An exact copy of the records is required, minus the pictures they hold.
*** Opening of SOURCE RECORDS ***
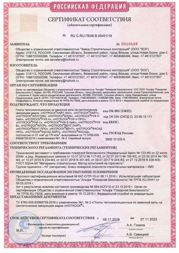 • Группа горючести: НГ (негорючий)
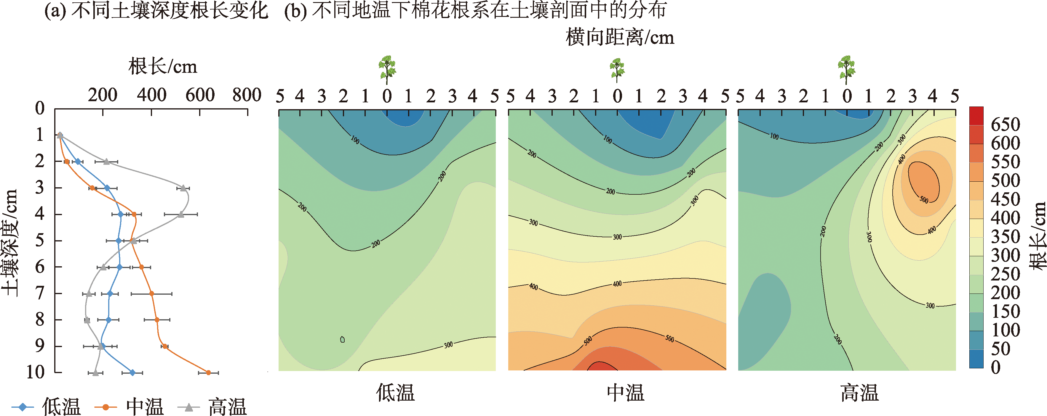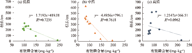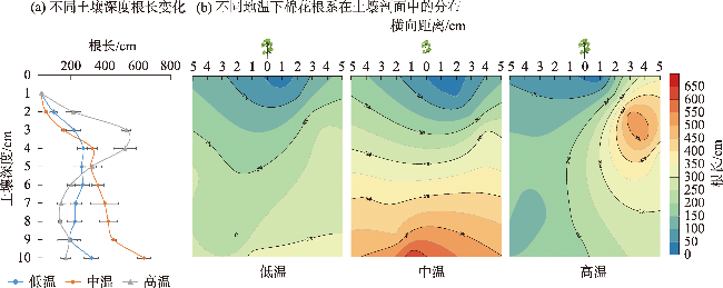 This study examines cotton growth affected by soil temperature under the condition of phosphate fertilizer drip application. It also explores the role and mechanism of soil temperature regulation of cotton root growth on improving the utilization rate of cotton phosphate fertilizer. Using potted tests, three soil temperature gradients were examined: low temperature (LT: 11-18 ℃), medium temperature (MT: 22-26 ℃), and high temperature (HT: 30-34 ℃). Single factor testing with water bath temperature control was utilized. The effects of various soil temperatures on the growth traits, biomass, root distribution, effective soil phosphorus distribution, and phosphate utilization efficiency in cotton were assessed. As soil temperature increased, cotton plant height, stem thickness, leaf number and biomass all showed parabolic changes that peaked in the medium temperature (22-26 ℃) group. Additionally, root length in the 0 to 5 cm soil layer increased with soil temperature, most notably with high temperature treatment, followed by low temperature and medium temperature treatments increasing by 5.2%-126.9% and 4.9%-62.3%, respectively. Below the 5 cm soil layer, root length decreased with increasing temperature, with the medium temperature treatment having the longest root length, 81.68%-98.43%, which was 170.17%-218.35% longer than the low temperature and high temperature treatment, respectively. The effective P content of each treatment increased with lower temperatures, with the medium and high temperature treatment content being 13.7% and 20.5% lower than the low temperature treatment, respectively. Phosphorus absorption and phosphate utilization were maximized in the medium temperature cotton, followed by the low temperature cotton. With the lowest high temperature, the total phosphorus absorption in the medium temperature cotton increased relatively by 49.69% and 89.36% compared with low temperature and high temperature treatments, respectively. Furthermore, the phosphate utilization rate was twice and 50% higher than the high and low temperature treatments, respectively. These findings indicate that based on the effects of soil temperature on cotton growth, root and soil effective phosphorus distribution, phosphorus absorption, and phosphate utilization, the most suitable soil temperature for cotton growth is 22-26 ℃.
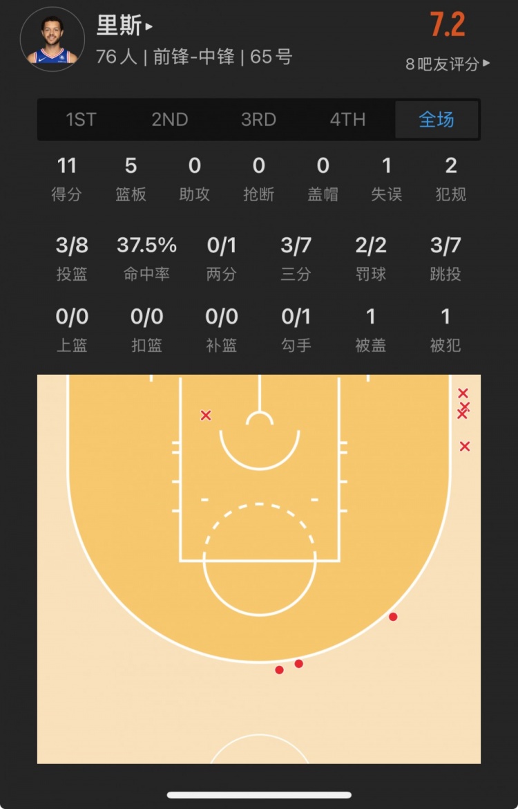 76人落選秀 亞歷克斯-里斯 登場(chǎng)24.2分鐘
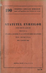 A zsidók státusza - a romániai zsidó lakosok jogállására vonatkozó törvény határozat augusztus 9, 1940 tovább
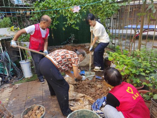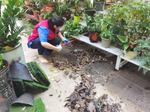 活动中,志愿者们热情投入,分工协作,将物业提供的泥土分装入种植箱,并通过添加树叶、腐殖土等方式改良土壤结构。大家还细致撒上石灰粉进行防虫处理,为植物更换新盆、补充土壤,并清理花盆积水,有效预防蚊虫滋生,防范基孔肯雅热等疾病传播。
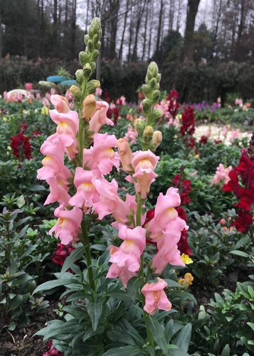 3、金鱼草:学名Antirrhinum majus L.,玄参科金鱼草属多年生草本植物。株高20-70厘米,叶片长圆状披针形。总状花序,花冠筒状唇形,基部膨大成囊状,金鱼草的花朵顶端看上去像嘴唇一样饱满,极具诱惑力!
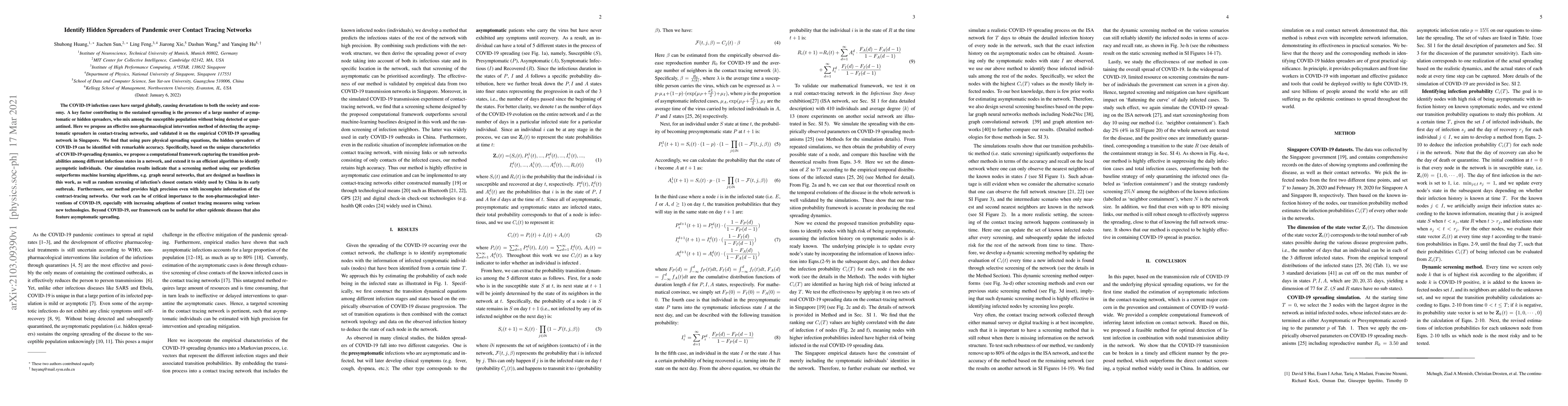 The COVID-19 infection cases have surged globally, causing devastations to both the society and economy. A key factor contributing to the sustained spreading is the presence of a large number of asymptomatic or hidden spreaders, who mix among the susceptible population without being detected or quarantined. Here we propose an effective non-pharmacological intervention method of detecting the asymptomatic spreaders in contact-tracing networks, and validated it on the empirical COVID-19 spreading network in Singapore. We find that using pure physical spreading equations, the hidden spreaders of COVID-19 can be identified with remarkable accuracy. Specifically, based on the unique characteristics of COVID-19 spreading dynamics, we propose a computational framework capturing the transition probabilities among different infectious states in a network, and extend it to an efficient algorithm to identify asymptotic individuals. Our simulation results indicate that a screening method using our prediction outperforms machine learning algorithms, e.g. graph neural networks, that are designed as baselines in this work, as well as random screening of infection's closest contacts widely used by China in its early outbreak. Furthermore, our method provides high precision even with incomplete information of the contract-tracing networks. Our work can be of critical importance to the non-pharmacological interventions of COVID-19, especially with increasing adoptions of contact tracing measures using various new technologies. Beyond COVID-19, our framework can be useful for other epidemic diseases that also feature asymptomatic spreading
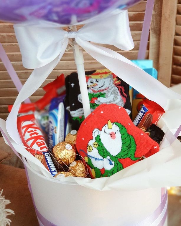 2 пары носков, 2 шт молочных Toblerone, 4 шт KitKat, 2 шт Bounty mini, 1 шт Milky Way, 1 шт Mars, 6 шт Ferrero.
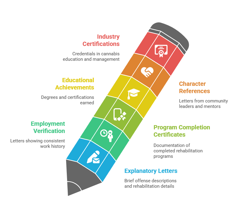 • Explanatory letters: Brief offense descriptions, responsibility acceptance, rehabilitation details, and trustworthiness demonstrations
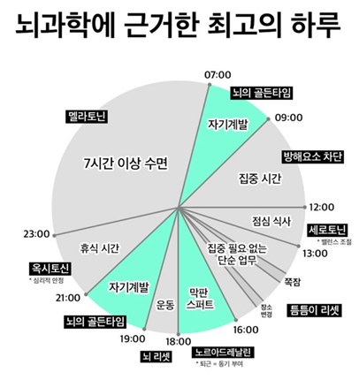 -새벽 1시간- 뉴스, 책 / 오전에 회사 가자마자 2시간 최고 집중 / 오후에 미팅 & 인형알 눈 붙이는 일 / 퇴근 2시간 전 다시 막판 스퍼트 / 운동해서 하루 흐름 끊고, 다시 1시간 집중 - 경제, 책 / 그리고 멍때리다 자기.
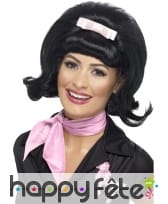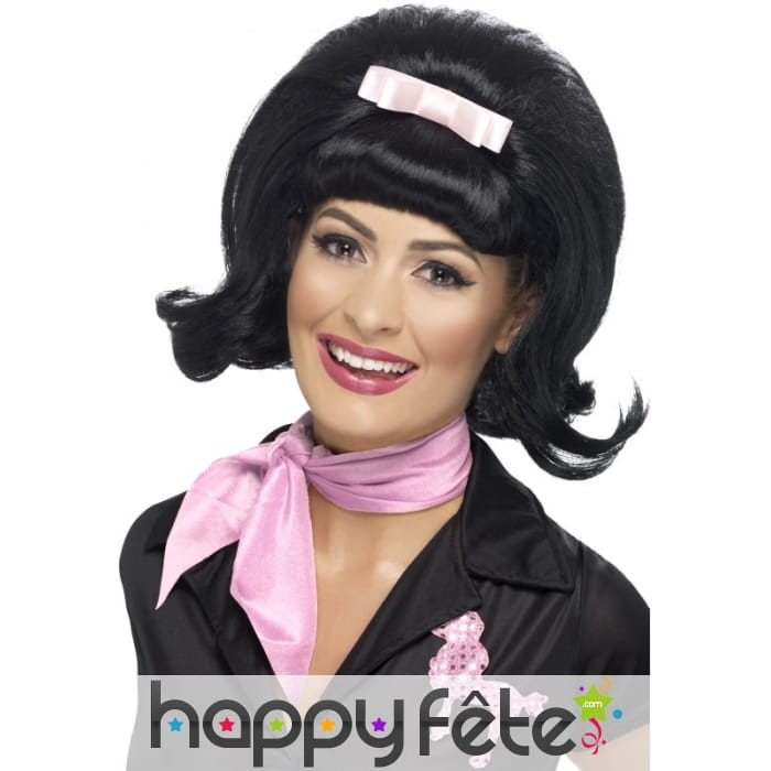 Les années 50, ça vous fait rêver ! Cette mode élégante et chic, ce mode de vie simple et authentique, ces films romantiques ! Il n'y a rien de plus beau pour vous que d'incarner une belle danseuse de ces années folles. Enfilez une belle robe avec des talons hauts, et adoptez cette perruque bob ruche. De couleur noir, avec un noeud en ruban, cet accessoire est très original, et vous aidera à revivre cette belle époque.
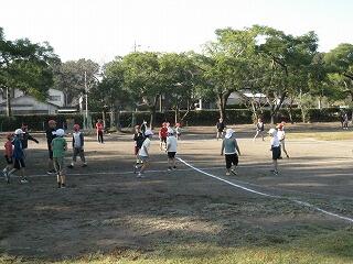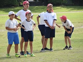 本日10月27日(水)の朝の活動時間は、全校児童で体力向上の取組を行いました。今回は、「陣取り」でした。学年縦割りの班で4チームに分かれて、対戦しました。各チームで攻め・守りの作戦を立て、協力して楽しく戦っていました。なかなか、大人数で遊ぶ機会が少なくなっているので、よい経験であり、楽しく体力向上ができているので、今後も続けたいと感じました。写真は、陣取りの様子とそれを指揮する体育委員会の指示する様子です。
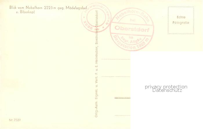 73808408 Oberstdorf Panorama Blick vom Nebelhorn gegen Maedelegabel und Biberkopf Gebirgspanorama postalisch nicht gelaufen Erhaltung siehe scans [FriedD77] KatCode: 11110009780133
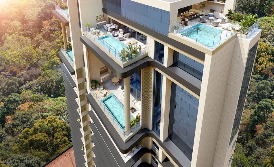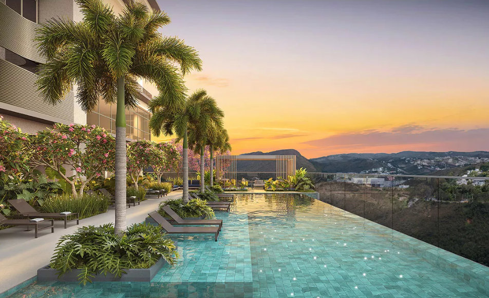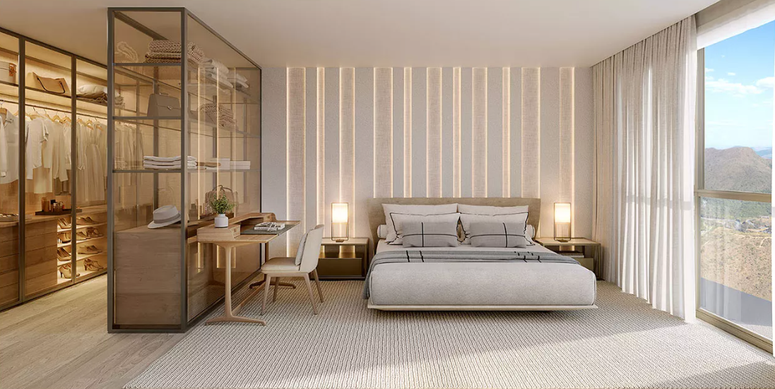 Ele se posiciona como “ilha de luxo e sofisticação”, próximo ao Vila da Serra, com vistas amplas para as montanhas e para a cidade.
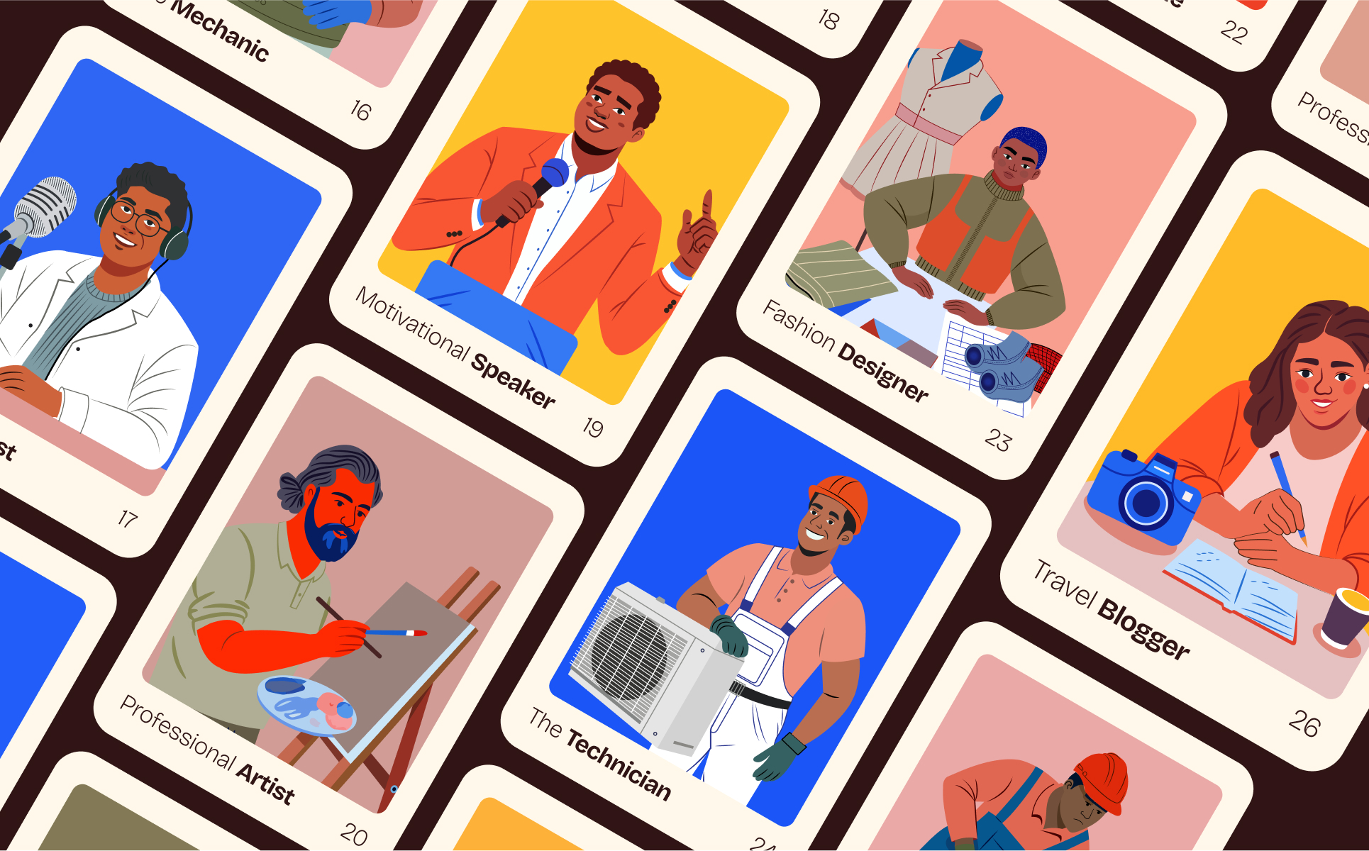 Diverse and inclusive—characters that reflect various industries and professions.
*** Close of SOURCE RECORDS ***
▶ RESULT OF THE TASK
 • Группа горючести: НГ (негорючий)
 This study examines cotton growth affected by soil temperature under the condition of phosphate fertilizer drip application. It also explores the role and mechanism of soil temperature regulation of cotton root growth on improving the utilization rate of cotton phosphate fertilizer. Using potted tests, three soil temperature gradients were examined: low temperature (LT: 11-18 ℃), medium temperature (MT: 22-26 ℃), and high temperature (HT: 30-34 ℃). Single factor testing with water bath temperature control was utilized. The effects of various soil temperatures on the growth traits, biomass, root distribution, effective soil phosphorus distribution, and phosphate utilization efficiency in cotton were assessed. As soil temperature increased, cotton plant height, stem thickness, leaf number and biomass all showed parabolic changes that peaked in the medium temperature (22-26 ℃) group. Additionally, root length in the 0 to 5 cm soil layer increased with soil temperature, most notably with high temperature treatment, followed by low temperature and medium temperature treatments increasing by 5.2%-126.9% and 4.9%-62.3%, respectively. Below the 5 cm soil layer, root length decreased with increasing temperature, with the medium temperature treatment having the longest root length, 81.68%-98.43%, which was 170.17%-218.35% longer than the low temperature and high temperature treatment, respectively. The effective P content of each treatment increased with lower temperatures, with the medium and high temperature treatment content being 13.7% and 20.5% lower than the low temperature treatment, respectively. Phosphorus absorption and phosphate utilization were maximized in the medium temperature cotton, followed by the low temperature cotton. With the lowest high temperature, the total phosphorus absorption in the medium temperature cotton increased relatively by 49.69% and 89.36% compared with low temperature and high temperature treatments, respectively. Furthermore, the phosphate utilization rate was twice and 50% higher than the high and low temperature treatments, respectively. These findings indicate that based on the effects of soil temperature on cotton growth, root and soil effective phosphorus distribution, phosphorus absorption, and phosphate utilization, the most suitable soil temperature for cotton growth is 22-26 ℃.
 76人落選秀 亞歷克斯-里斯 登場(chǎng)24.2分鐘
 A zsidók státusza - a romániai zsidó lakosok jogállására vonatkozó törvény határozat augusztus 9, 1940 tovább
 活动中,志愿者们热情投入,分工协作,将物业提供的泥土分装入种植箱,并通过添加树叶、腐殖土等方式改良土壤结构。大家还细致撒上石灰粉进行防虫处理,为植物更换新盆、补充土壤,并清理花盆积水,有效预防蚊虫滋生,防范基孔肯雅热等疾病传播。
 3、金鱼草:学名Antirrhinum majus L.,玄参科金鱼草属多年生草本植物。株高20-70厘米,叶片长圆状披针形。总状花序,花冠筒状唇形,基部膨大成囊状,金鱼草的花朵顶端看上去像嘴唇一样饱满,极具诱惑力!
 The COVID-19 infection cases have surged globally, causing devastations to both the society and economy. A key factor contributing to the sustained spreading is the presence of a large number of asymptomatic or hidden spreaders, who mix among the susceptible population without being detected or quarantined. Here we propose an effective non-pharmacological intervention method of detecting the asymptomatic spreaders in contact-tracing networks, and validated it on the empirical COVID-19 spreading network in Singapore. We find that using pure physical spreading equations, the hidden spreaders of COVID-19 can be identified with remarkable accuracy. Specifically, based on the unique characteristics of COVID-19 spreading dynamics, we propose a computational framework capturing the transition probabilities among different infectious states in a network, and extend it to an efficient algorithm to identify asymptotic individuals. Our simulation results indicate that a screening method using our prediction outperforms machine learning algorithms, e.g. graph neural networks, that are designed as baselines in this work, as well as random screening of infection's closest contacts widely used by China in its early outbreak. Furthermore, our method provides high precision even with incomplete information of the contract-tracing networks. Our work can be of critical importance to the non-pharmacological interventions of COVID-19, especially with increasing adoptions of contact tracing measures using various new technologies. Beyond COVID-19, our framework can be useful for other epidemic diseases that also feature asymptomatic spreading
 2 пары носков, 2 шт молочных Toblerone, 4 шт KitKat, 2 шт Bounty mini, 1 шт Milky Way, 1 шт Mars, 6 шт Ferrero.
 • Explanatory letters: Brief offense descriptions, responsibility acceptance, rehabilitation details, and trustworthiness demonstrations
 -새벽 1시간- 뉴스, 책 / 오전에 회사 가자마자 2시간 최고 집중 / 오후에 미팅 & 인형알 눈 붙이는 일 / 퇴근 2시간 전 다시 막판 스퍼트 / 운동해서 하루 흐름 끊고, 다시 1시간 집중 - 경제, 책 / 그리고 멍때리다 자기.
 Les années 50, ça vous fait rêver ! Cette mode élégante et chic, ce mode de vie simple et authentique, ces films romantiques ! Il n'y a rien de plus beau pour vous que d'incarner une belle danseuse de ces années folles. Enfilez une belle robe avec des talons hauts, et adoptez cette perruque bob ruche. De couleur noir, avec un noeud en ruban, cet accessoire est très original, et vous aidera à revivre cette belle époque.
 本日10月27日(水)の朝の活動時間は、全校児童で体力向上の取組を行いました。今回は、「陣取り」でした。学年縦割りの班で4チームに分かれて、対戦しました。各チームで攻め・守りの作戦を立て、協力して楽しく戦っていました。なかなか、大人数で遊ぶ機会が少なくなっているので、よい経験であり、楽しく体力向上ができているので、今後も続けたいと感じました。写真は、陣取りの様子とそれを指揮する体育委員会の指示する様子です。
 73808408 Oberstdorf Panorama Blick vom Nebelhorn gegen Maedelegabel und Biberkopf Gebirgspanorama postalisch nicht gelaufen Erhaltung siehe scans [FriedD77] KatCode: 11110009780133
 Ele se posiciona como “ilha de luxo e sofisticação”, próximo ao Vila da Serra, com vistas amplas para as montanhas e para a cidade.
 Diverse and inclusive—characters that reflect various industries and professions.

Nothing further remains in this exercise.